Pessoas de mais de 20 associações de moradores de áreas da região da Cidade Industrial de Curitiba (CIC) se reúnem hoje para uma assembleia, onde serão discutidas formas de reaver os valores pagos em contratos firmados com a Companhia de Habitação de Curitiba (Cohab). Em fevereiro, os contratos foram considerados nulos pelo Superior Tribunal de Justiça (STJ).

Com a decisão do STJ, os moradores também querem exercer o direito à regularização fundiária gratuita. Segundo o consultor jurídico das associações de moradores das vilas Esperança e Nova Conquista, Felipe Rigon Spack, a Cohab negociou mais de 37 mil imóveis sem que os projetos de loteamento fossem aprovados pela prefeitura e sem o registro em cartório dos imóveis. “Com a nulidade dos Termos de Uso de Concessão do Solo (TUCS) firmado entre a Cohab e as famílias, os imóveis continuam irregulares”, explica.
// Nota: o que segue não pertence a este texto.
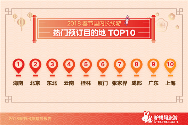 驢媽媽國內(nèi)跟團游負責人吳雪峰表示,每年春節(jié)4-5人的全家出游較多,而今年春節(jié)親朋好友組成的多個家庭一起出游的訂單大幅增長,春節(jié)出游的游客對價格的敏感度不高,更追求產(chǎn)品的品質(zhì)和服務。在國內(nèi)長線游方面,冰雪、溫泉和海島線依然是今年春節(jié)最熱。北方人熱衷到海南曬太陽,南方人則選擇到北方看冰雪。驢媽媽旅游網(wǎng)截至目前的國內(nèi)長線游預訂數(shù)據(jù)顯示,春節(jié)期間,海南、北京、東北、云南、桂林、廈門、張家界、成都、廣東、上海成為國內(nèi)長線游的十大熱門目的地。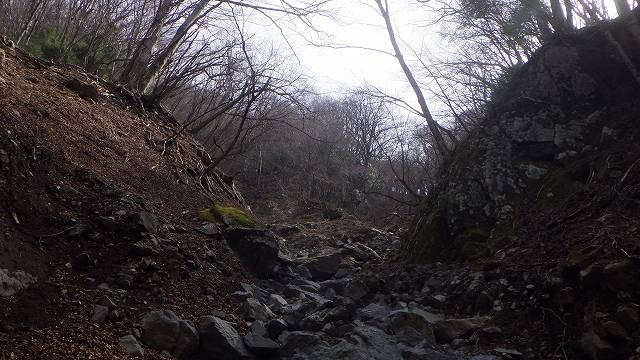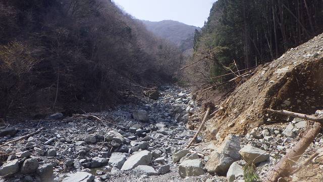 その中に進み、砕石が無くなって元々のナメに移るが、そのナメ床は変わらずとも、滑床周囲を覆っていた土砂の全ては濁流に剥ぎ取られてゴツゴツな岩がむき出しになっていて、沢沿いに伸びていた経路道は跡形もない。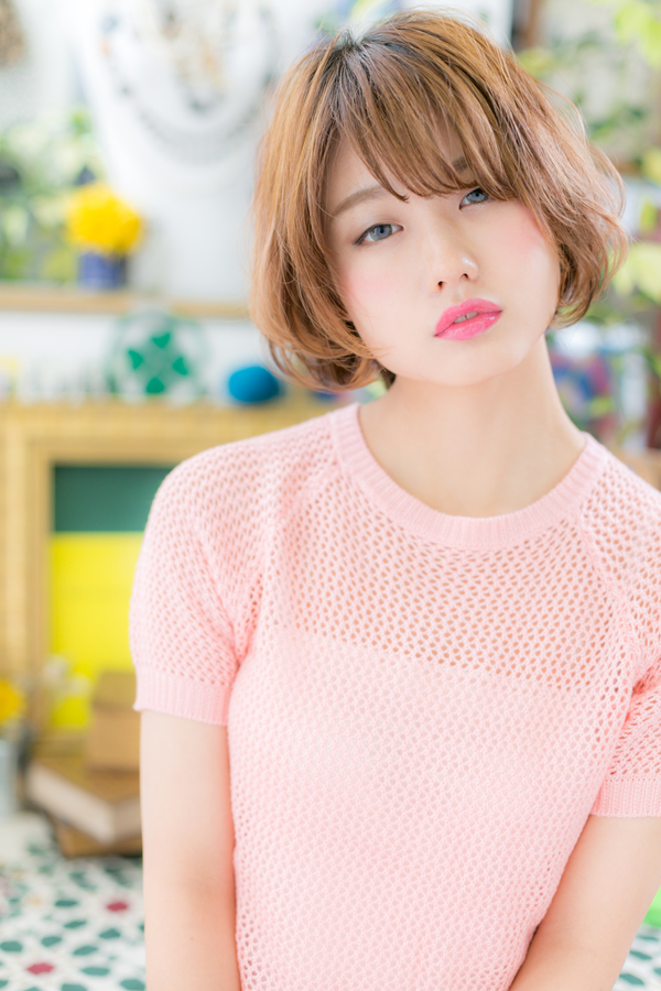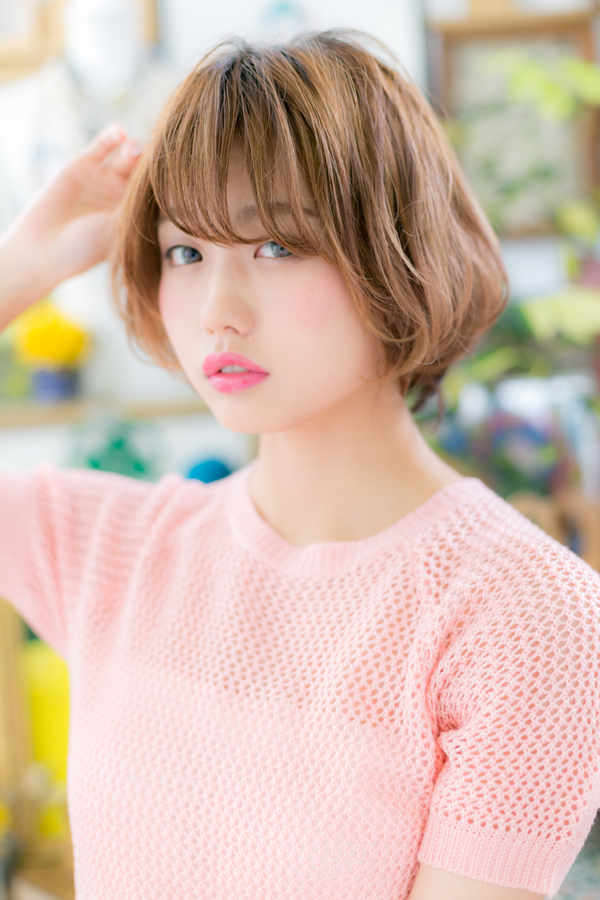 くせ毛風カールの小顔ナチュラルボブのヘアスタイル。毛束ごとに空気感が生まれ、可愛らしいふんわりフェミニンボブで大人女子にオススメ。オイルバターなどをもみこむだけで完成の簡単スタイリングでヘアアレンジもしやすい。からーはアッシュグレーやグレージュ、ブリーチなしもおすすめ!30代・40代にも◎(メイク担当:川口店 成田)

Spack afirma que, com o deferimento da ação civil pública, movida pelo Ministério Público (MP) em 2002, os moradores deveriam ter direito ao ressarcimento. “Nosso objetivo é informar como as pessoas poderão agir individualmente e que procurem outros instrumentos para regularizar seus imóveis, como as solicitações de usucapião”, diz. De acordo com o advogado, a intenção é encaminhar um processo coletivo envolvendo todas as associações.

Segundo Spack, os contratos considerados nulos pelo STJ foram firmados em 1994. Alguns dos moradores pagaram a parcela do imóvel por dez anos. “Algumas pessoas residem naqueles imóveis há pelo menos 25 anos e ainda não regularizaram a situação”, diz.

Spack afirma que número exato de pessoas que podem ter sido lesadas não é confirmado pela Cohab, que segundo ele, se recusa a divulgar as informações. O advogado estima que, considerando um valor inicial dos contratos em R$ 10 mil, seriam mais de R$ 100 milhões adquiridos indevidamente pela Cohab.

Através da assessoria de imprensa, a Cohab informou que a maioria dos moradores já teve a situação regularizada, com a substituição do TUCS por novos contratos já com a escritura dos respectivos imóveis. Segundo o órgão, apenas 6 mil contratos ainda não foram regularizados. A Cohab, que suspendeu a cobrança das parcelas dos imóveis assim que foi notificada da decisão do STJ, ressalta que o tramite de regularização das áreas é burocrático e lento, porém garantiu que as famílias terão seus imóveis regularizados.

A assembleia acontece a partir das 14h, na cancha da Vila Barigui, na Rua Cid Campelo.